Extracting selected data with array functions.

This post is in response to a query at the Eng-tips forum asking how to extract selected data from a range, so that the three best scores for each individual could be extracted from a two column Excel table listing multiple individuals, each with several different scores.

My response was based on an article by Chip Pearson at: http://www.cpearson.com/excel/ArrayFormulas.aspx

If the names are in B6:B105 the scores are in C6:C105 and a selected name is in E6 then:
(IF($B$6:$B$105=$E6,$C$6:$C$105,FALSE)
will return an array of 100 items containing either a score for the selected name or FALSE.

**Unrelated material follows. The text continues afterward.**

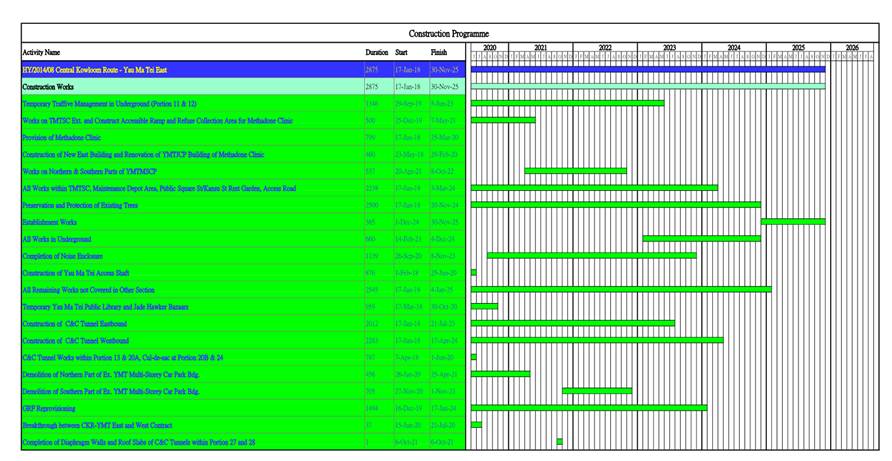 · Construct Roof Slab/Lintel Beam, excavate soil below roof slab and install ELS L7 & L8 at Zone E (Access Shaft) · Rock excavation down at Zone E (Access Shaft) · Install 406mm pipe piles at Yau Ma Tei Police Station (YMTPS) · Architectural Builders Works and Finishes (ABWF) and Building Services (BS) Works including Lift Installation and T&C Works at Temporary Public Library Cum Jade Hawker Bazaar Building (TPLCJHB) · Excavation below Ceiling Slab to Formation Level at Zone A · Construction of Stage 1 D-wall panels at Zone B · Construction of Stage 1 D-wall panels at Zone C |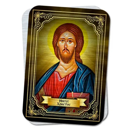 Икона Иисуса Христа из металла для размещения на металлической поверхности.

You can then wrap the Large() function around that:
=LARGE(IF($B$6:$B$105=$E6,$C$6:$C$105,FALSE),F$5)
where F5 contains the rank you want.  An example is shown below, listing the three best scores of Thomas, Richard and Harold:

Array Function Example

Note that because this is an array formula it must be entered by pressing “Ctrl-Shift-Enter”. If you just press “Enter” it returns 0.

The working of the formula is shown below, with the results of the formula:
(IF($B$6:$B$105=$E6,$C$6:$C$105,FALSE)

Array of scores for Thomas

Note that the array includes one entry for every row of the original table, containing either a score for Thomas, or FALSE if the row is data for another person.  This is not a problem for use with the Large() function, but if a continuous list of scores for reach individual is required then further work is required.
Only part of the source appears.